In “Tammy Faye’s eyes”, Jessica Chastain transforms into an infamous televangelist. Searchlight Pictures will release it in theaters on September 17.
“We love this shared experience, especially after a year and a half of starvation. This doesn’t mean that streaming will go away. It’s here to stay, ”says Chastain, who also stars in the HBO miniseries“ Scenes from a Marriage ”. “In my mind, I just see the industry expanding.”
The number of films released during the pandemic is often underestimated. But even with a few high-profile starts, the coming season is crowded. Apple to Joel Coen’s “The Tragedy of Macbeth”, with Denzel Washington. Amazon has musical adaptation “Everyone’s talking about Jamie” (September 17). New films are on the bill from world-class filmmakers like Paul Thomas Anderson, Guillermo del Toro (“Nightmare Alley”, December 3), Pedro Almodóvar ( “Parallel mothers”, December 24), Asghar Farhadi (“A hero”, January 7) and Paolo Sorrentino ( ” God’s hand “, November 24).
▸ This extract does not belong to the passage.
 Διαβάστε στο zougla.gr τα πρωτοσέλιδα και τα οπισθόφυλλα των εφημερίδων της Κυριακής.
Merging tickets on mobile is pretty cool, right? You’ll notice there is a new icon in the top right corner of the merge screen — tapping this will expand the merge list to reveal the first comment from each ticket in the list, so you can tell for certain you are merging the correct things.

There is also a feast of docs including Julie Cohen and Betsy West’s portrait Julia Child “Julia” (not yet dated); Liz Garbus’ “Become Cousteau” (October 22); Elizabeth Chai Vasarhelyi and Jimmy Chin’s “The rescue” (October), about the rescue in the Thai caves in 2018; and, fittingly, a portrayal of one of the pandemic’s most ubiquitous faces, infectious disease expert Dr Anthony Fauci in John Hoffman and Janet Tobias’ “Fauci” (September 10).
Netflix will release three dozen films by Christmas, including Maggie Gyllenhaal’s first film “The Lost Daughter” (December 17); the westerner “The more they fall” (November 3), with Jonathan Majors and Idris Elba; Lin-Manuel Miranda’s directorial debut «Tic, Tic… Boom! “; and that of Antoine Fuqua “The guilty” (September 24), a single-set crime thriller starring Jake Gyllenhaal as a demoted police officer taking calls to 911.
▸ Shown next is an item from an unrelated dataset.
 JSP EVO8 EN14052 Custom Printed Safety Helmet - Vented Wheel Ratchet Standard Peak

Just before production began earlier this year, Fuqua came into close contact with one person who tested positive for the coronavirus. To keep his distance from his cast and crew, he made the film from a van parked outside the set.
“It’s a strange world we find ourselves in right now, and it tires us all a bit,” says Fuqua. “But I try to stay positive. That’s why ‘The Guilty’ arrived. I think we all have a responsibility to move forward, not to indulge in the situation we find ourselves in and find new ways of doing it.
Hopefully the long delay in a number of films that have been waiting behind the scenes for over a year, including that of Steven Spielberg “West Side Story” (Dec 10), Wes Anderson’s “The French dispatch” (October 22) and, yes, “No Time to Die” – will be over soon at last.
“What I didn’t understand about this one was the satisfaction of someone else seeing the movie and saying ‘I hated it’ or ‘I like it,’ says Fukunaga. “This is the part you’re waiting for. Some people are going to like it. Some people are not going to like it. But you still want to hear it. Even if you don’t want to hear it, you want to hear it.”